Он чувствовал себя счастливым и даже превосходящим в своём пренебрежении к смехотворному, неистовому и животному совокуплению, а также ко всем его вязким составляющим. Что касается женщин, то Писатель хотел бы засунуть свой пенис в зловонную плотскую дыру, обрамлённую волосами, не больше, чем в сливное отверстие на дне мусорного бака. Точно так же он не мог понять, что побуждало женщин брать в свой рот выходное отверстие мужского мочевого пузыря, чтобы позволить ему “кончить ей в рот”, не говоря уже о том, чтобы потом глотать продукт оргазма. Когда такая отвратительная мысль пришла ему в голову, он заметно вздрогнул. И сама идея приложить свой рот к отверстию, через которое женщина мочится, истекает кровью и рожает детей… ФУ!
…была очень мерзкой!
А сейчас?
Сейчас?
Со мной что-то происходит, – понял он.
Уже половина его нового пива ушла во время этих размышлений.
Я похотливее шакала, накаченного “испанской мушкой”[13]. Я же НИКОГДА не был таким? Но сейчас?
Он посмотрел на барменшу.
Рини? Прямо сейчас, если бы она хотела взять мой пенис в рот, клянусь Джорджем, она бы его получила! А если бы она захотела секса, я бы повалил её на пол и драл до потери пульса и все такое!
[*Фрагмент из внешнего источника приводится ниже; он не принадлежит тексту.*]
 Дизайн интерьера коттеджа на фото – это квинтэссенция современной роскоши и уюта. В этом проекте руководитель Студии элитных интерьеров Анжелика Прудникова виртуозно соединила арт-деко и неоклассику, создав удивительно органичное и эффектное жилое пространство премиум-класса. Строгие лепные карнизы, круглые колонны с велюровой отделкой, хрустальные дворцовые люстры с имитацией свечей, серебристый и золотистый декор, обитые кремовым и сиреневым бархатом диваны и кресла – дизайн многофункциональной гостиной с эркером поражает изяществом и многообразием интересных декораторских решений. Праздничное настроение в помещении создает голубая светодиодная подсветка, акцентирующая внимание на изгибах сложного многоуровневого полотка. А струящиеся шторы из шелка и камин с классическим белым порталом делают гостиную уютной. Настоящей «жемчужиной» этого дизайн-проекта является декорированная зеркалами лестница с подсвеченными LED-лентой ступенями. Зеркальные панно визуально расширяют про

Да, этот поход в бар уж точно не удался. Он чувствовал себя раздосадованным, обманутым и смущенным этими вновь обретенными эмоциями, вобщем, он, как и его штаны… неловко напрягся. Пора расплатиться и вернуться к себе в номер. И кто знает? Может, я столкнусь со Сноуи. А если нет, то у меня, по крайней мере, будет возможность ещё раз полюбоваться ВЕЛИКОЛЕПНЫМИ сиськами её матери…
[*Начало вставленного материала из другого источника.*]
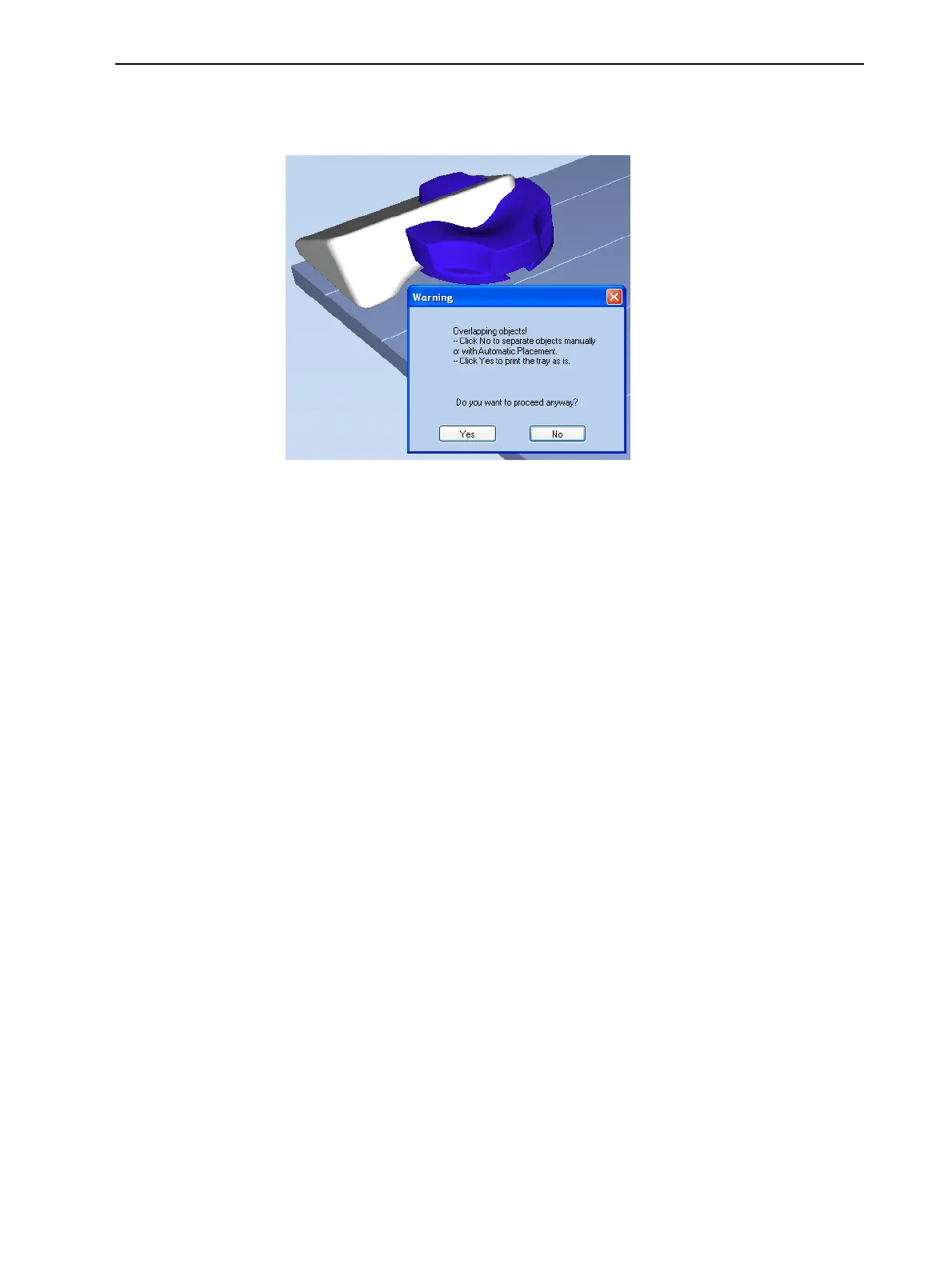 ❒ Toprintthemodelsastheyarepositionedonthetray,clickYes.

Он уже собрался было махнуть Рэю, чтобы тот дал ему счёт, как его коснулoсь дуновение приятного аромата, а затем и пара взволнованных рук.
– Я знала, что мой друг будет здесь! – взволновало его ухо горячее женское дыхание. – Моя мама сказала, что ты ушёл из гостиницы, и ты был похож на человека, который ищет выпивку.
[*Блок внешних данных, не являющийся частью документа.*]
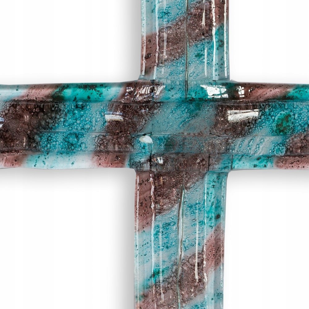 Бірюзовий-коричневий скляний хрест на стіні виготовлений з фарбованого скла, що виробляє ефект бульбашок, тобто везикули різних відтінків та різних розмірів та форм. Синій колір має широкий діапазон відтінків і блиску, завдяки прозорим шарам скла.

Он обернулся и увидел, что Сноуи практически взбирается на него, как на тренажер в спортзале.
– Ах, Сноуи, как я рад тебя видеть! Веришь или нет, я как раз думал о тебе!
– Надеюсь, это были приятные мысли!
– Очень, – сказал он, чувствуя, как напряглась его эрекция.
Сноуи немедленно села на стул и придвинулась как можно ближе к Писателю.
Её правая рука легла на внутреннею сторону его левого колена. Писатель от нежного прикосновения чуть не кончил в штаны.
– Угостишь меня выпивкой? Просто зарплата будет только в пятницу и…
– Ни слова больше. Бери, что хочешь.
Жар её тела, ее присутствие рядом с ним и это проклятое мыло, или шампунь, или что там, чем она ещё пользовалась… Oслепительная мысль пронзила его: У меня нет другого выбора, кроме как пойти в мужской туалет и подрочить. Во имя Валгаллы, дай мне силы!
– Рэй, это мой друг ______, – сказала Сноуи бармену. – Он известный писатель!
– Черт, правда? – удивился бармен. – Хочешь хороший совет…
– На самом деле я не такой уж и известный, – поспешил добавить Писатель, но тут все его мысли замерли. – А, ладно, забудь, – oн повернулся. – Сноуи, я разве говорил тебе, что я писатель?
– Не ты, а ма. Рэй, я буду то же, что и он, – oна схватила его за рукав и притянула к себе. – Мне всегда хотелось попробовать это пиво, но оно слишком дорогое для меня!
Писатель заказал ещё пива. Куча вопросов теснилась в его голове, и он горел желанием задать их, но ему было крайне тяжело не смотреть на Сноуи. Её внушительные бёдра в джинсах, её грудь – как он полагал, без лифчика – под пурпурной блузкой. Он был уверен, что на её джинсах не было никаких линий трусиков, и всё, что он мог себе представить, это её лобковые волосы, такие же бело-жёлтые, как и волосы на её голове.
Я что, ДЕЙСТВИТЕЛЬНО собираюсь пойти в туалет передёрнуть? У него не было никакого вежливого способа сказать ей, что его эрекция протекала, как кран у плохой стиральной машины, и Сноуи только усугубила ситуацию, когда сжала его колено без видимой на то причины.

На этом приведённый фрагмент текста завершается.